[comp.unix.wizards] BSD + CDC + Emulex

rackow@anl-mcs.arpa (Gene Rackow) (05/18/87)

I hope CDC is listening an I'll get this problem resolved, I hate spending
the midnight hours formatting the soon to be powder.  I can't afford to
replace them with something better (read reliable).

Short summary first.  Use any drive with a CDC label as a boat anchor only.
I have had no problems with the Emulex controller.

System setup:  Vax 11/780 4.2bsd.  Drives are used for user file space
and 3rd and 4th swapping drives.  Other drives 2/rm05 (root;swap;usr;user),
1/rp06 (tmp;user), 2/rp07(user) 2/9771 (user;swap).  Clean "computer-room"
enviroment with several other machines and lots of disks.  In the years we
have had the VAX system, the only OTHER disk problems we have had are 1 crash on
an rm05 and 1 failing rp07, each after several years in use.  (Side note/Lots
of Eagles with NO problems)  (Also note other CDC exp. on different systems
here.)

FLAME ON | AFTERBURNER | NOVA | ...    (Lots and Lots of heat)

Time to do some yelling about REAL trash ----

We have been using the CDC 9771 drives for about 4 years.  The longest time
one has gone without a HEAD-CRASH is 16 months.  The average is about 10 months.
The last one was barely 4 months old.  You get very little if any warning
that anything is going wrong.  A soft error occurs about 10-12 hours before
crash, a hard error about 6-8 hours before, and then death.  We have had CDC
in to repair the drives time and time again.  Each time they claim we are the
only site with this kind of trouble, but we are about the only place using
them that they service from this office.

Some interesting notes:
1) For a drive that "has been out and stable" for some time, why is it that
every replacement head disk assembly (HDA) looks different.  A new filter
here, an added bracket there, remove the filter, etc.
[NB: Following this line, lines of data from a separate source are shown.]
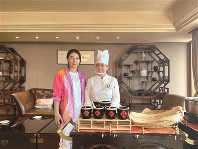 在今年杭州亚运会期间,火炬手郭晶晶品尝了“永君妈妈的那碗面”后,与徐永君合影。
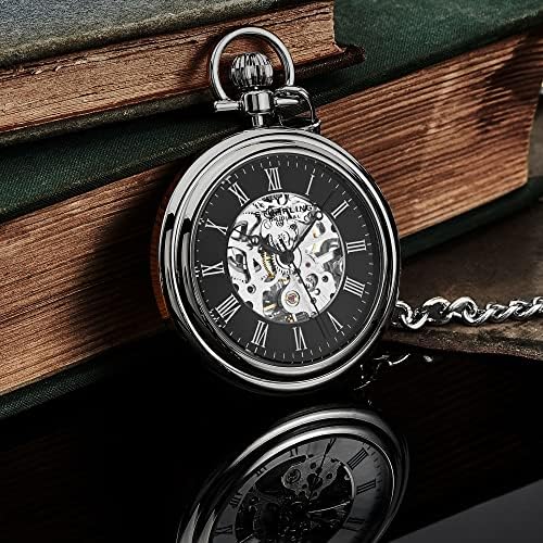 Leafed Breguet hands and Applied Roman Markers combine to create a striking display and beautiful Vintage-inspired pocket watch . Mechanical Movement The hand winding mechanical movement is gorgeously framed by a skeletonized dial and exhibition caseback. This Pocket watch Comes with a 12-inch link chain and belt hook for ease of use. Mechanical Movement:no need for batteries Just wind the crown 25 to 30 winds or until you feel resistance, every twenty four to thirty six hours. #2,375,452 in Clothing, Shoes & Jewelry ( ) #681 in
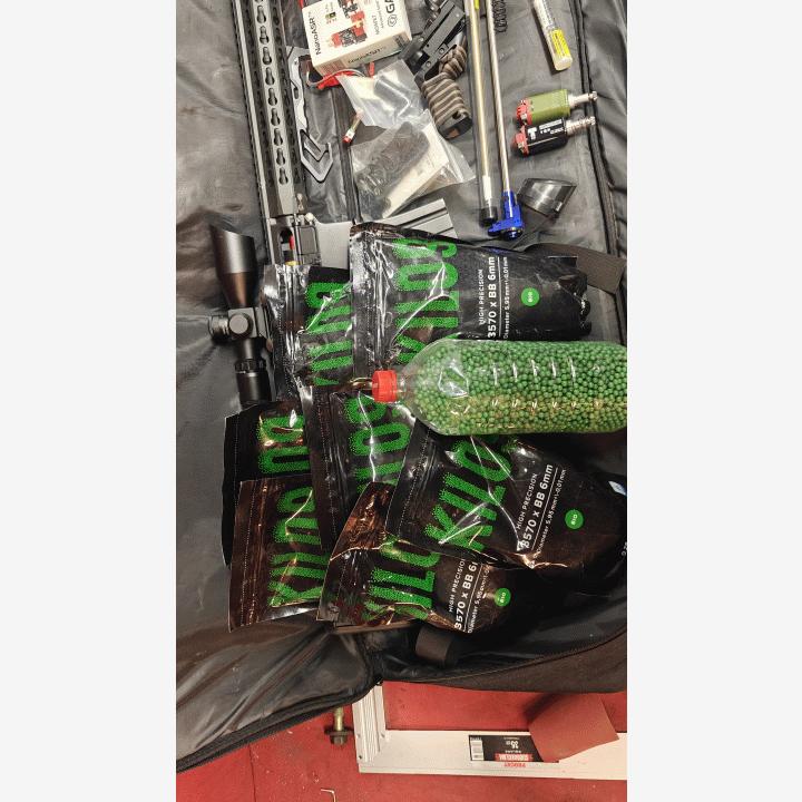 Aika harrastukseen loppui vuosia sitten joten nyt kaikki hyödyllinen seuraavalle.Aseesta sen verran muistan että hopin/kuulan syötön kanssa oli ongelmia ja musta high torque moottori saattoi olla vähän liian tehokas.
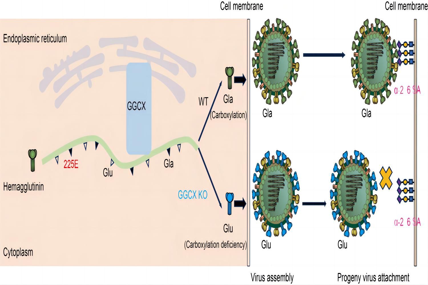 GGCX介导EA H1N1 SIV HA 225E羧化修饰调控子代病毒受体结合活性
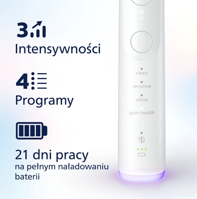 Насолоджуйтесь приємним чищенням та новим рівнем догляду за ротовою порожниною завдяки технології Sonicare нового покоління. Під час чищення, інноваційна магнітна система пензлика адаптує потужність пензля під час кожного сеансу очищення, забезпечуючи оптимальну продуктивність рівно 62 000 щетинок в хвилину, навіть у важких місцях. Тим часом, динамічний ефект рідини підтримує ефективність очищення головки пензля, обережно промиваючи по лінії ясен і між кожним зубом, допомагаючи досягти повного очищення кожного разу, коли ви чистите зуби.
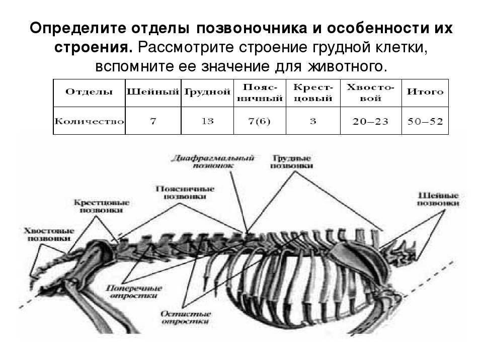 Шейный отдел плавно переходит в грудной и состоит уже из 13 позвонков, имеющих специальные выемки для крепления истинных ребер, имеющих специфическое удлинение к хвостовой части. Всего истинных ребер у кошек – 16, остальные же пять пар являются ложными и не крепятся к позвоночнику.
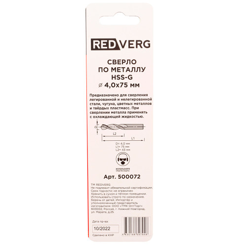 Сверло по металлу REDVERG HSS-G 4 мм (2 шт.)(500072)
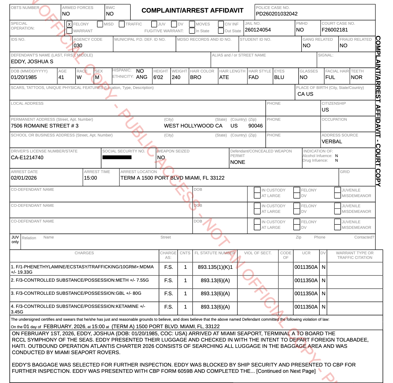 On Sunday, at PortMiami’s Terminal A on Dodge Island, trained dogs screened luggage during the boarding of the Symphony of the Seas, a cruise ship with a capacity for over 5,500 passengers, records show. In the luggage belonging to Joshua Eddy, 41, of West Hollywood, Calif., CBP officers reported finding “several bags” with pills and a liquid that tested positive for 19.3 grams of MDMA, 3.4 grams of ketamine, 7.55 grams of meth, and 80 grams of GBL. Court records showed Eddy appeared in bond court on Monday, and he faced four charges: Trafficking MDMA and three counts of possession of a controlled substance. His bond was set at $7,000.

2) When the service person arrives and checks the serial number of the HDA,
it is a "common" claim of "Oh! That is within serial number range ??-??,
where we recognize a problem of crashing heads.  This has been fixed
recently and you shouldn't have any more problems."   As they are leaving
I say "Bet I'll see you within the year to replace it." (Quotes not exact
as this is usually happening after many hours are spent rearranging file
systems to get the users all happy again).  They never have denied they
will have to replace it again.  It is a standing (not funny) joke we have.

Turn down AFTERBURNER and remove NOVA

We have gone to using the CDC drives as an on-line backup and for material
that does not change often.  In that way, if we have another failure, we do
not loose any work.  My own feelings are that if you need lots of tmp,
swap, or "I don't care if I loose it" type space, the 9771's are just what
you need.  

We have also had bad luck with the CDC "shoebox" FSD about 500Meg drives.
The 2 I have on another system have been replaced 2 times each in the last
year.  In another building here at the labs they have one that gets
replaced every 4-5 months.  At the time of my inital replacement the
service rep. stated that there was an informal trouble report for drives
HDA's under 20,000 and to be forwarned that crashes were coming.  Between
the first and second set of replacments the number moved from 20k to 35k to
50k and to it's present (I think) resting place of 70000.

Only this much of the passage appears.